**Exercise details:** Exactly the lines below from the line with "月間予定表のみの薄型タイプで" through the line with "Kesän alussa monen" must make up the answer, both ends included and pictures left out.

**Data for processing:**
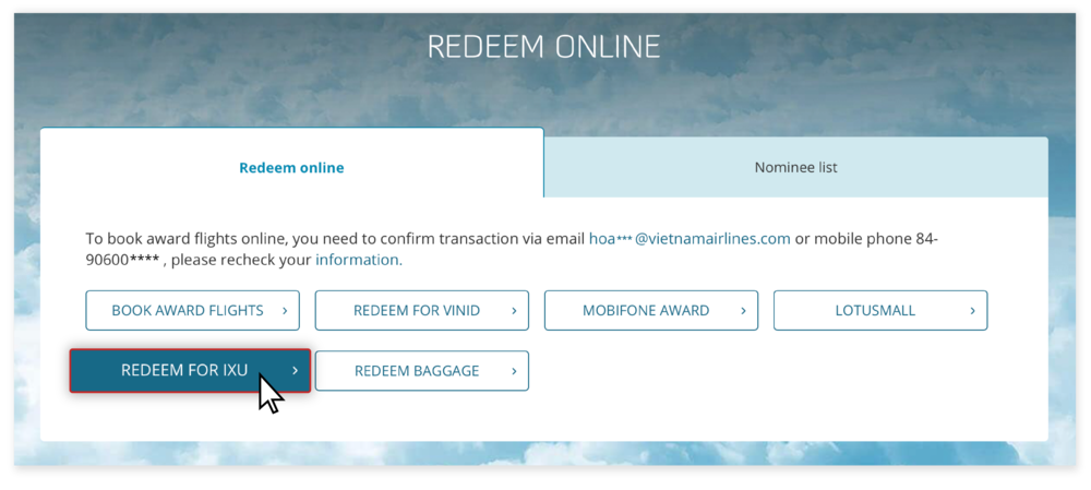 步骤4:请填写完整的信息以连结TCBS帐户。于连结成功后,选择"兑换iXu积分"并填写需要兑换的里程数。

==

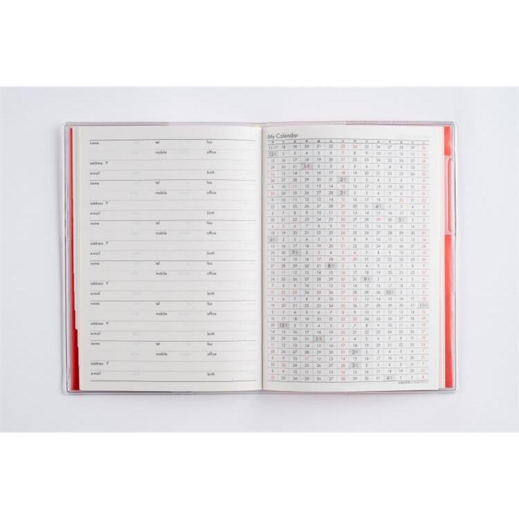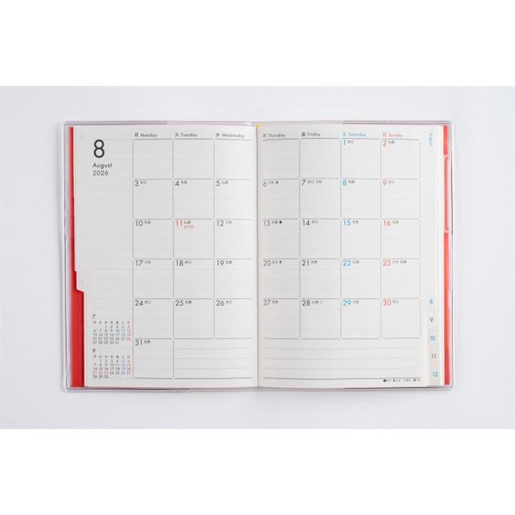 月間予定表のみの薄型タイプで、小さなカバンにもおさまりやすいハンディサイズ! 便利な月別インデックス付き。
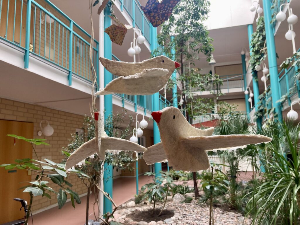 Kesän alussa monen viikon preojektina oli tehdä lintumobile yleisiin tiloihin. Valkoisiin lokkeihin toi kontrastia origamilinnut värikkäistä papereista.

**Your solution:**
 月間予定表のみの薄型タイプで、小さなカバンにもおさまりやすいハンディサイズ! 便利な月別インデックス付き。
 Kesän alussa monen viikon preojektina oli tehdä lintumobile yleisiin tiloihin. Valkoisiin lokkeihin toi kontrastia origamilinnut värikkäistä papereista.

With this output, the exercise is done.